Say you have $1,000,000 and you want $50K (on top of any government pensions) per year in retirement at age 65 while still preserving some capital. If your portfolio is going to yield 3.5% in dividends, it's going to fall short. But if you take half of it and buy an annuity which has an effective yield of 6.5%, you now get $32,500 from the annuity and your remaining portfolio can generate dividends of $17,500 while letting you preserve your remaining capital. 

Those numbers were somewhat arbitrary to make the example work by the way (before anyone argues with me over the yields )


----------



## olivaw (Nov 21, 2010)

balexis said:


> Asker1: you might also be interested in the book "Pensionizing your nest egg" by Milevsky & Macqueen (our own MoneyGal), see here: http://ca.wiley.com/WileyCDA/WileyTitle/productCd-0470952288.html
> 
> A full chapter is dedicated to annuities.


+1. Excellent book.


----------



## GreatLaker (Mar 23, 2014)

jimbob.seeker said:


> GreatLaker, thank you for your excellent reply on 2017-01-22 to this thread. Your synopsis really helped me.


Glad you found it helpful.

Couple more quick comments. Shop carefully. As others have said, agents will push variable annuities that track stock indexes... these tend to be very lucrative for the agent and full of fine print that in many cases are best avoided. I was referring to simple annuities where the insurance company takes a lump sum and commits to paying a fixed monthly payment for life, optionally with a survivor benefit. These are sometimes known as a SPIA (Single Premium Immediate Annuity) although that may be a term that is more common in the USA. With annuities you lose control of your money in return for guaranteed lifetime income... make sure you can live with that.


----------



## ian (Jun 18, 2016)

Annuities can be advantageous for some. Milveskys book Pensionize your Nest Egg provides some good examples.

We have looked into annuities. Not for us at the moment. Perhaps later. But we do not care about management fees. We only care about how much guaranteed dollars we would get each month. Yes, there is an implicit ROI and management costs built into that. I sometimes look at the Hughes trustco site to see what the competitve rates are.

Read an article that suggested one way to overcome an objection. Buy term life insurance. Buy the annuity. You could win here IF the comparison holding the money in a GIC. There are tax advantages to this. There is potential that your net after tax cash flow could be higher and you still have whatever life insurance policy amount you select at time of death.

http://business.financialpost.com/p...h/preserving-income-through-insured-annuities


----------



## olivaw (Nov 21, 2010)

Rino Racanelli, managing partner at MRH Financial Services suggests that annuities are most appropriate for those age 70 and up.

https://www.theglobeandmail.com/glo...ings-to-know-about-annuities/article23342537/


----------



## JackJac (Mar 13, 2017)

olivaw said:


> Rino Racanelli, managing partner at MRH Financial Services suggests that annuities are most appropriate for those age 70 and up.
> 
> https://www.theglobeandmail.com/glo...ings-to-know-about-annuities/article23342537/


I think it's most appropriate for each person to make decisions based upon their unique financial situation, and a whole host of other factors.


----------



## olivaw (Nov 21, 2010)

JackJac said:


> I think it's most appropriate for each person to make decisions based upon their unique financial situation, and a whole host of other factors.


Fair enough.

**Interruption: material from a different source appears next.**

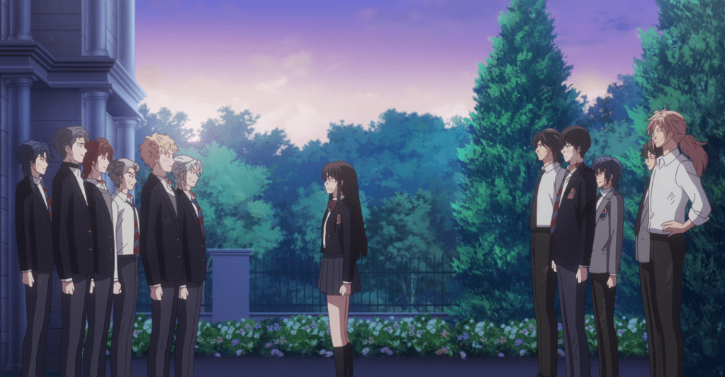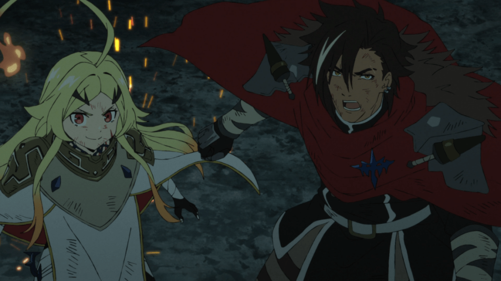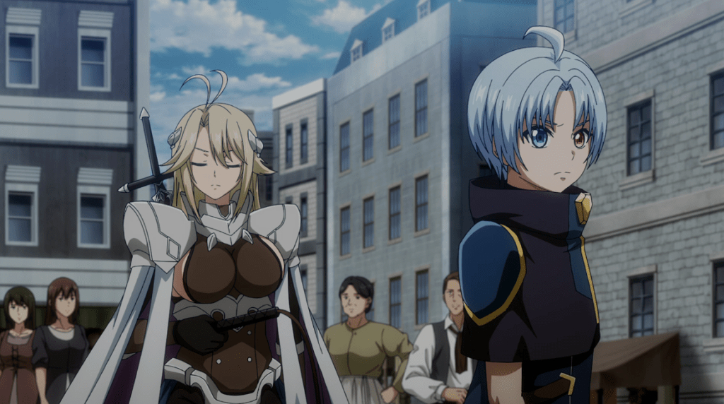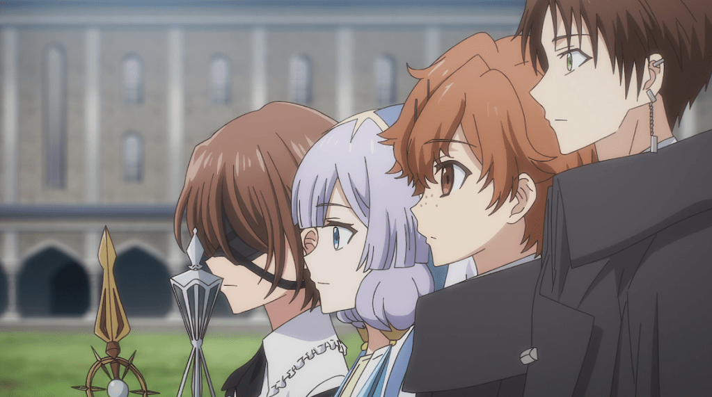 While I perfectly understand how difficult it is to get past the protagonist’s name (Noah Ararat), this has proved to be a halfway decent isekai reincarnation story so far. Noah takes a pragmatic and sometimes ruthless approach not too dissimilar from Tanya in Saga of Tanya the Evil, though he does show at least some compassion. And while he does have some personal power, he advances himself more through administrative acumen and insight. Still, the series can’t fully escape power fantasy trappings, such as his corps of sexy maids and bodyguards. The series is graced by the season’s second-best closing song (after only Frieren‘s), though I wish the series would do something with the character who sings it. (She’s only appeared in regular content so far as Noah’s favorite live performer, and I don’t think she’s had a word of non-sung dialog.)

I think Racanelli was offering a "rule of thumb". Like any other "rule of thumb" it needs to be adjusted to reflect one's personal situation. 

_Pensionize Your Nestegg_, talks about Retirement Sustainability Quotient. If your RSQ is too low, you risk outliving your savings (what Moneygal refers to as longevity risk). You can increase your RSQ (decrease your longevity risk) by converting a portion of your assets to an annuity. Each situation is unique and depends upon factors such as age, portfolio size, desired withdrawal rate and desired legacy. IMO, the calculations are not excessively complex but those who don't enjoy math might consider hiring a fee-only financial advisor to help. .


----------